Re: [v5 PATCH] arm64: mm: force write fault for atomic RMW instructions

From: Yang Shi
Date: Wed Jul 10 2024 - 14:46:47 EST




On 7/10/24 2:22 AM, Catalin Marinas wrote:
On Tue, Jul 09, 2024 at 03:29:58PM -0700, Yang Shi wrote:
On 7/9/24 11:35 AM, Catalin Marinas wrote:
On Tue, Jul 09, 2024 at 10:56:55AM -0700, Yang Shi wrote:
On 7/4/24 3:03 AM, Catalin Marinas wrote:
I tested exec-only on QEMU tcg, but I don't have a hardware supported EPAN.
I don't think performance benchmark on QEMU tcg makes sense since it is
quite slow, such small overhead is unlikely measurable on it.
Yeah, benchmarking under qemu is pointless. I think you can remove some
of the ARM64_HAS_EPAN checks (or replaced them with ARM64_HAS_PAN) just
for testing. For security reason, we removed this behaviour in commit
24cecc377463 ("arm64: Revert support for execute-only user mappings")
but it's good enough for testing. This should give you PROT_EXEC-only
mappings on your hardware.
Thanks for the suggestion. IIUC, I still can emulate exec-only even though
hardware doesn't support EPAN? So it means reading exec-only area in kernel
still can trigger fault, right?
Yes, it's been supported since ARMv8.0. We limited it to EPAN only since
setting a PROT_EXEC mapping still allowed the kernel to access the
memory even if PSTATE.PAN was set.

And 24cecc377463 ("arm64: Revert support for execute-only user mappings")
can't be reverted cleanly by git revert, so I did it manually as below.
Yeah, I wasn't expecting that to work.

diff --git a/arch/arm64/mm/fault.c b/arch/arm64/mm/fault.c
index 6a8b71917e3b..0bdedd415e56 100644
--- a/arch/arm64/mm/fault.c
+++ b/arch/arm64/mm/fault.c
@@ -573,8 +573,8 @@ static int __kprobes do_page_fault(unsigned long far,
unsigned long esr,
                /* Write implies read */
                vm_flags |= VM_WRITE;
                /* If EPAN is absent then exec implies read */
-               if (!alternative_has_cap_unlikely(ARM64_HAS_EPAN))
-                       vm_flags |= VM_EXEC;
+               //if (!alternative_has_cap_unlikely(ARM64_HAS_EPAN))
+               //      vm_flags |= VM_EXEC;
        }

        if (is_ttbr0_addr(addr) && is_el1_permission_fault(addr, esr, regs))
{
diff --git a/arch/arm64/mm/mmap.c b/arch/arm64/mm/mmap.c
index 642bdf908b22..d30265d424e4 100644
--- a/arch/arm64/mm/mmap.c
+++ b/arch/arm64/mm/mmap.c
@@ -19,7 +19,7 @@ static pgprot_t protection_map[16] __ro_after_init = {
        [VM_WRITE]                                      = PAGE_READONLY,
        [VM_WRITE | VM_READ]                            = PAGE_READONLY,
        /* PAGE_EXECONLY if Enhanced PAN */
-       [VM_EXEC]                                       = PAGE_READONLY_EXEC,
+       [VM_EXEC]                                       = PAGE_EXECONLY,
        [VM_EXEC | VM_READ]                             = PAGE_READONLY_EXEC,
        [VM_EXEC | VM_WRITE]                            = PAGE_READONLY_EXEC,
        [VM_EXEC | VM_WRITE | VM_READ]                  = PAGE_READONLY_EXEC,
In theory you'd need to change the VM_SHARED | VM_EXEC entry as well.
Otherwise it looks fine.

Thanks. I just ran the same benchmark. Ran the modified page_fault1_thread (trigger read fault) in 100 iterations with 160 threads on 160 cores. This should be the worst contention case and collected the max data (worst latency). It shows the patch may incur ~30% overhead for exec-only case. The overhead should just come from the permission fault.
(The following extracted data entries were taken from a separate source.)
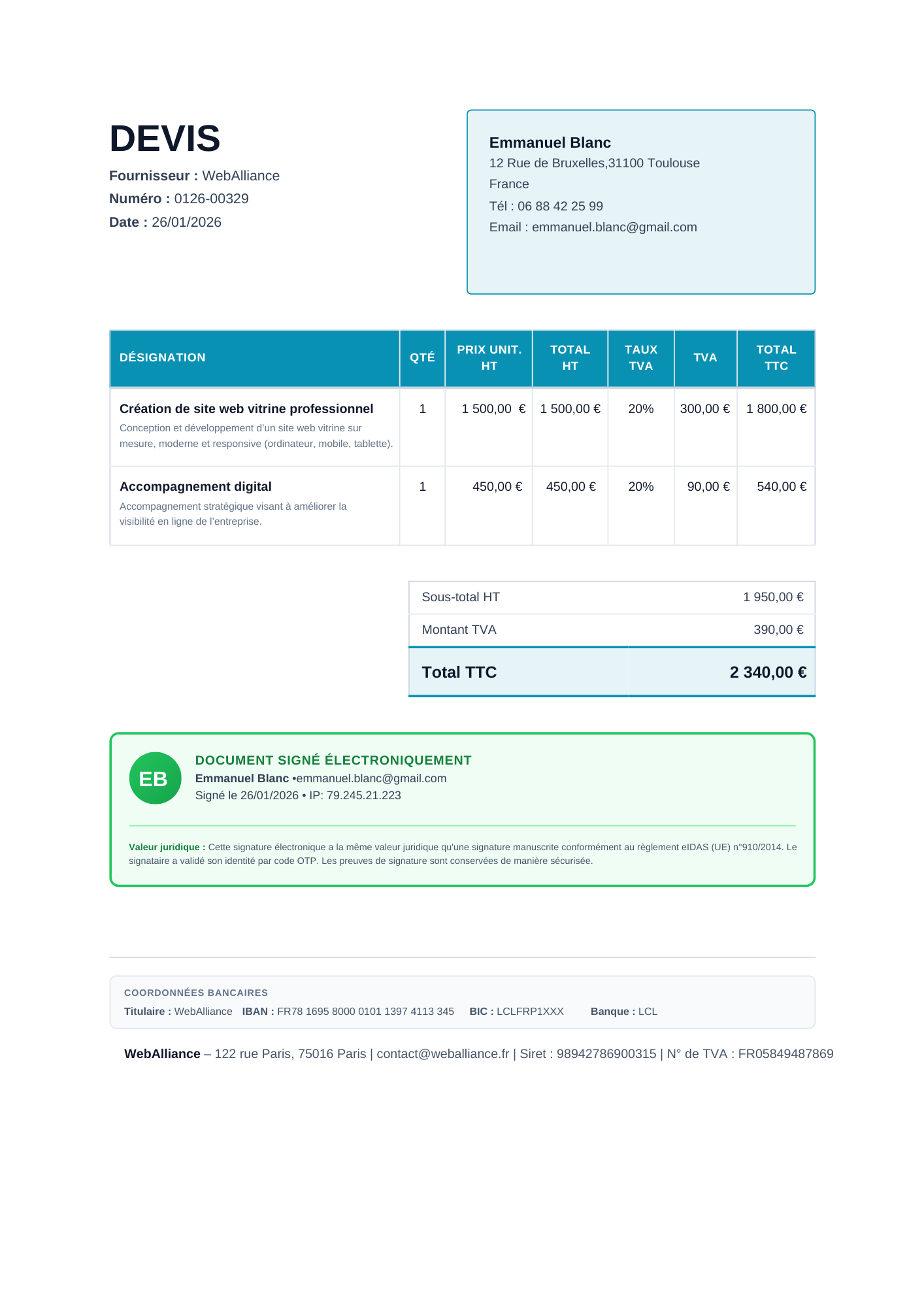 Que vous soyez artisan, freelance ou prestataire de services, Lio s'adapte à vos besoins spécifiques : gestion TVA, modèles de devis, catalogue produits...
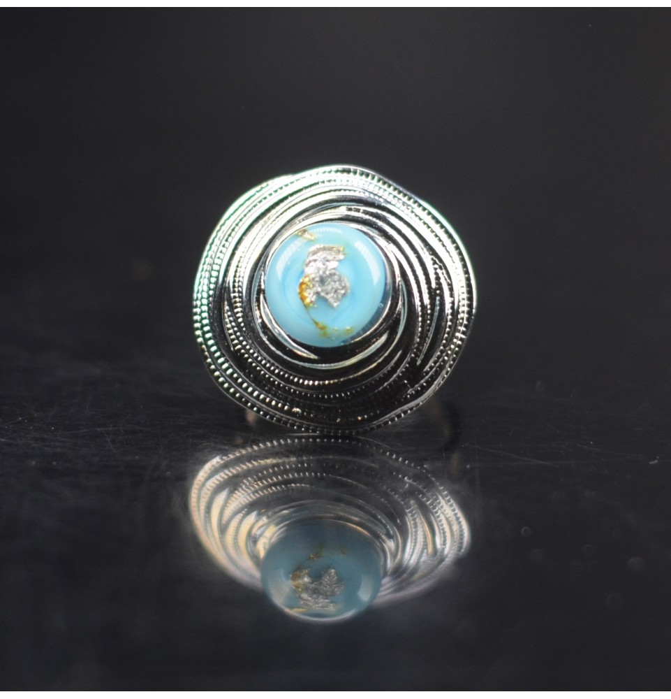 Bague en Verre Filé au Chalumeau "BLEU et feuille d'argent" - acier INOXYDABLE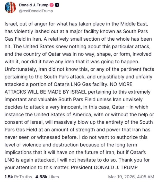 «Το Ισραήλ, από οργή για όσα συνέβησαν στη Μέση Ανατολή, επιτέθηκε με βία σε μια σημαντική εγκατάσταση γνωστή ως το πεδίο φυσικού αερίου South Pars στο Ιράν. Ένα σχετικά μικρό τμήμα του πεδίου χτυπήθηκε. Οι Ηνωμένες Πολιτείες δεν είχαν καμία γνώση για αυτήν την επίθεση και το Κατάρ δεν είχε καμία απολύτως εμπλοκή, ούτε γνώριζε ότι επρόκειτο να συμβεί. Δυστυχώς, το Ιράν δεν γνώριζε αυτό ή οποιαδήποτε από τα σχετικά γεγονότα που αφορούσαν την επίθεση στο South Pars και άδικα και αβάσιμα επιτέθηκε σε μια μέρος της εγκατάστασης LNG του Κατάρ.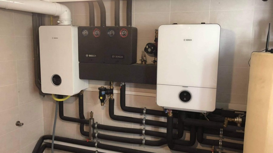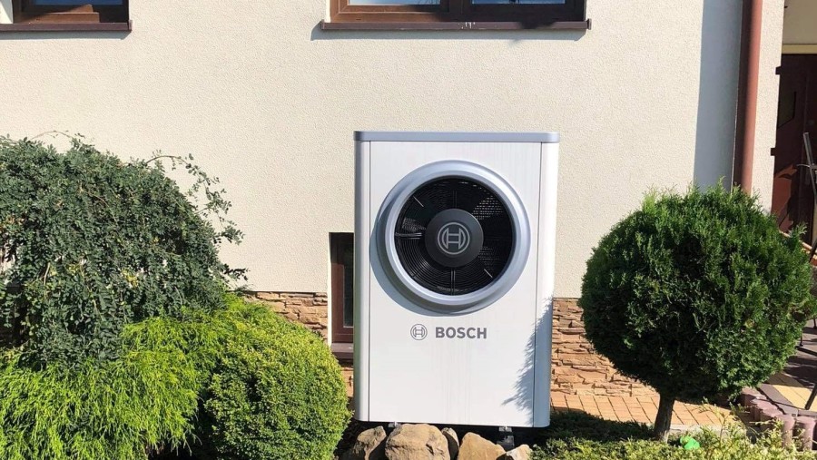 Powietrzna pompa ciepła typu monoblok Compress 7000i AW marki Bosch oraz gazowy kocioł kondensacyjny Bosch Condens 2300i W, zainstalowane w modernizowym domu jednorodzinnym.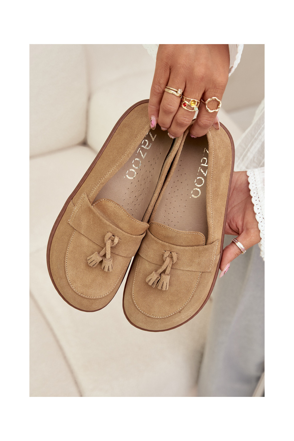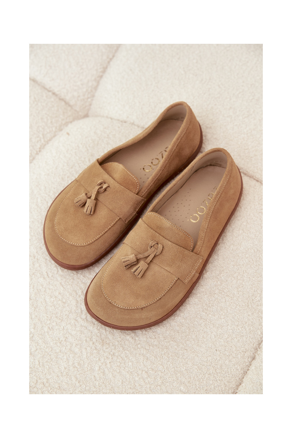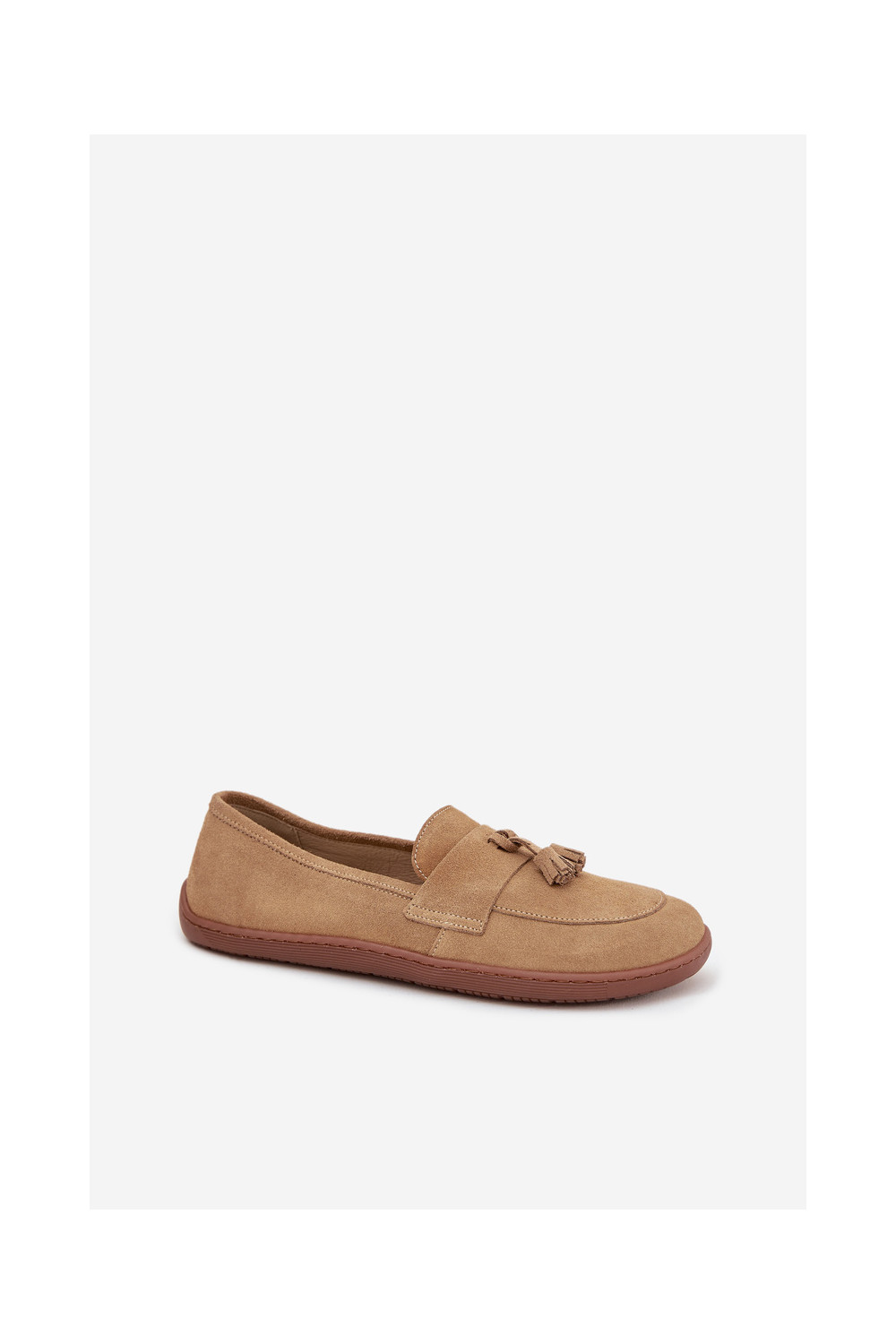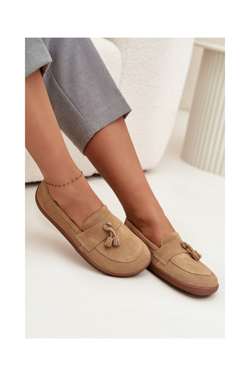 Odiniai zomšiniai mokasinai "Barefoot" tipo Zazoo 322 smėlio spalvos
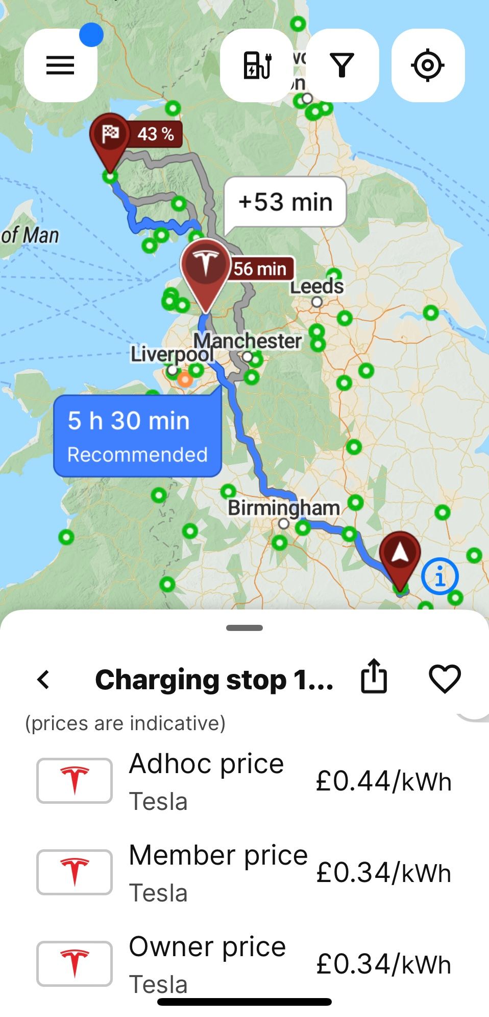 I toyed with this and got the Tesla app set up just in case but ended up looking for decent sized hubs at services where we knew we had access to toilets, could exercise the dog etc.I often drive SE to Harrogate in my Skoda.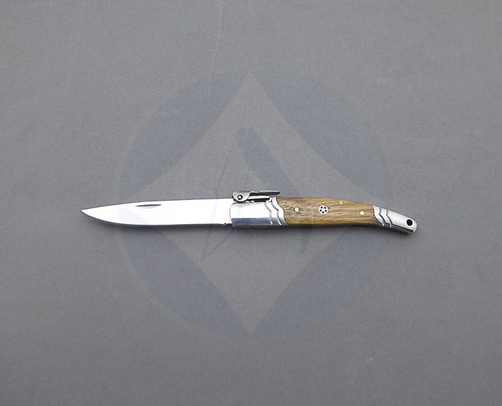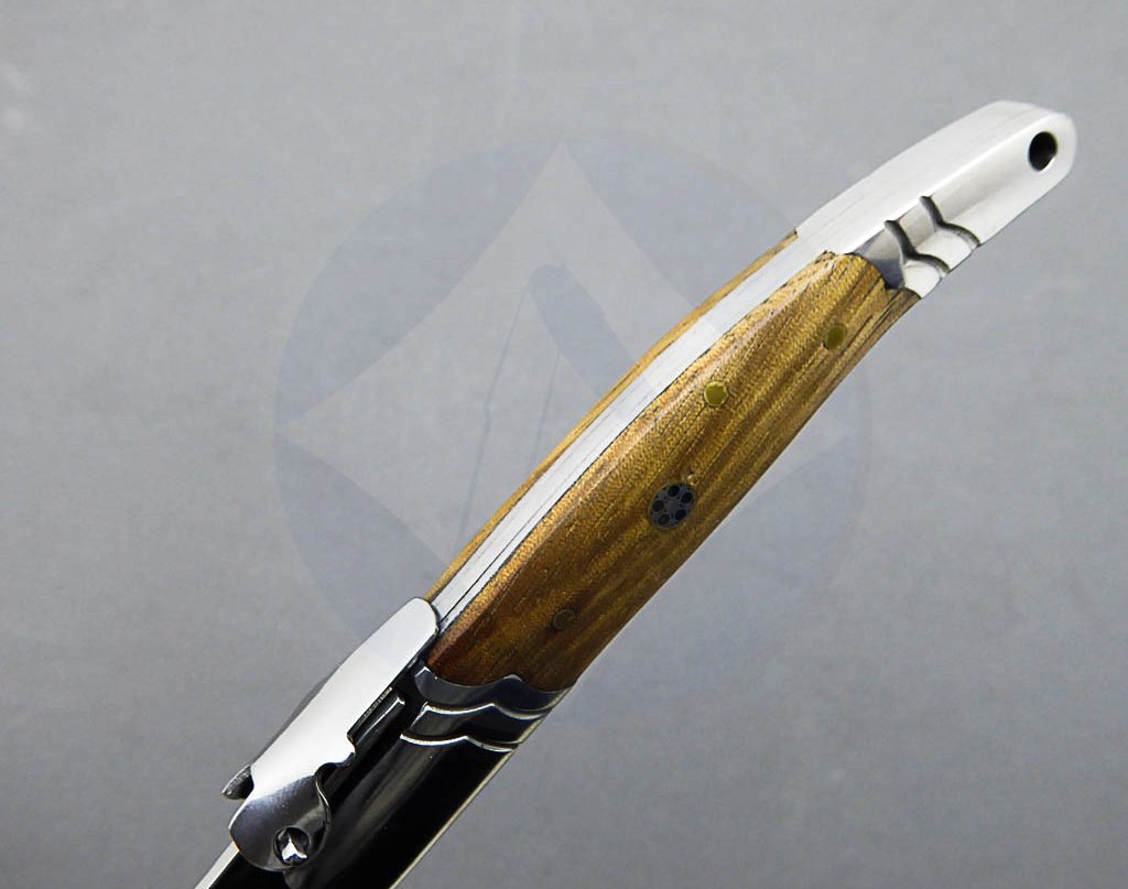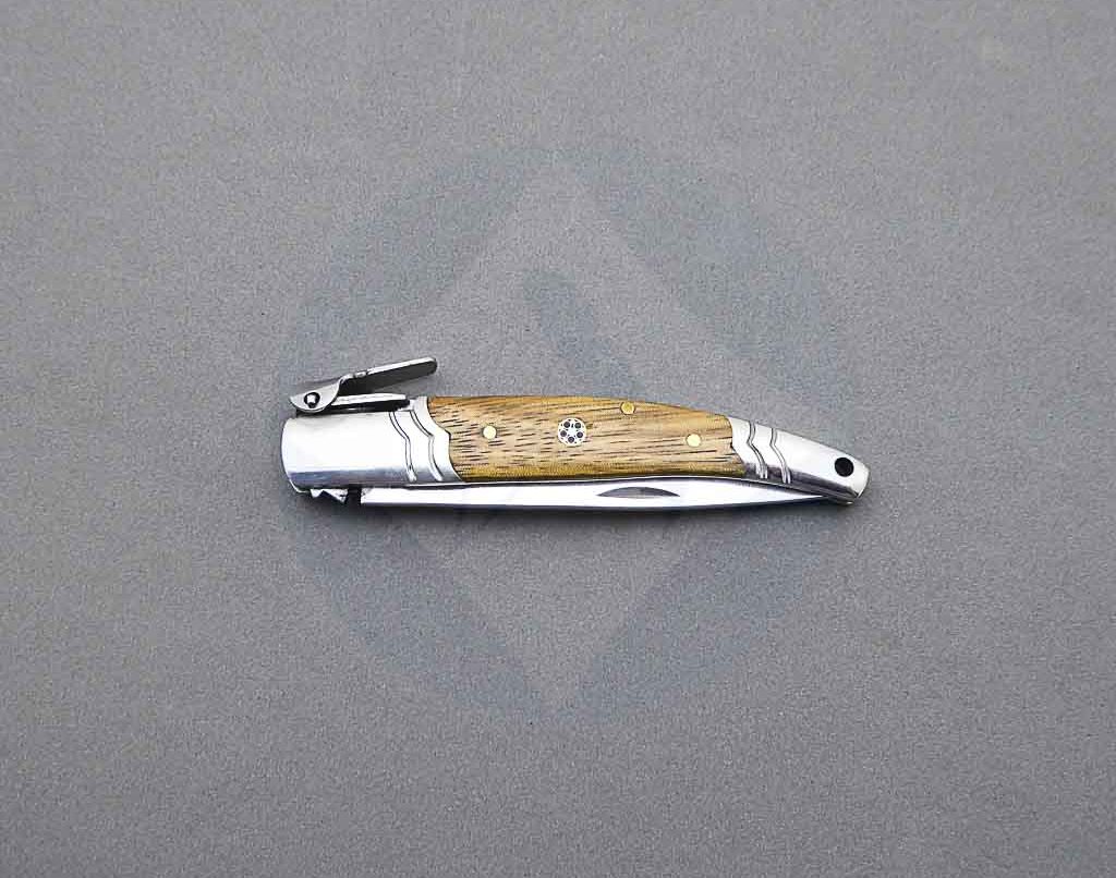 Descubre la combinación perfecta entre tradición y utilidad con esta navaja clásica con palanquilla. Diseñada como una herramienta de corte versátil, destaca por su exquisito mango elaborado en madera de cebra, adornado con un delicado mosaico y reforzado con una resistente virola de acero. Es la compañera ideal para tus excursiones de senderismo, días de camping o como una preciada pieza de coleccionismo.

    N           Min           Max        Median           Avg Stddev
x 100        163840        219083        184471        183262 12593.229
+ 100        211198        285947        233608     238819.98 15253.967
Difference at 95.0% confidence
    55558 +/- 3877
    30.3161% +/- 2.11555%

This is a very extreme benchmark, I don't think any real life workload will spend that much time (sys vs user) in page fault, particularly read fault.

With my atomic fault benchmark (populate 1G memory with atomic instruction then manipulate the value stored in the memory in 100 iterations so the user time is much longer than sys time), I saw around 13% overhead on sys time due to the permission fault, but no noticeable change for user and real time.

So the permission fault does incur noticeable overhead for read fault on exec-only, but it may be not that bad for real life workloads.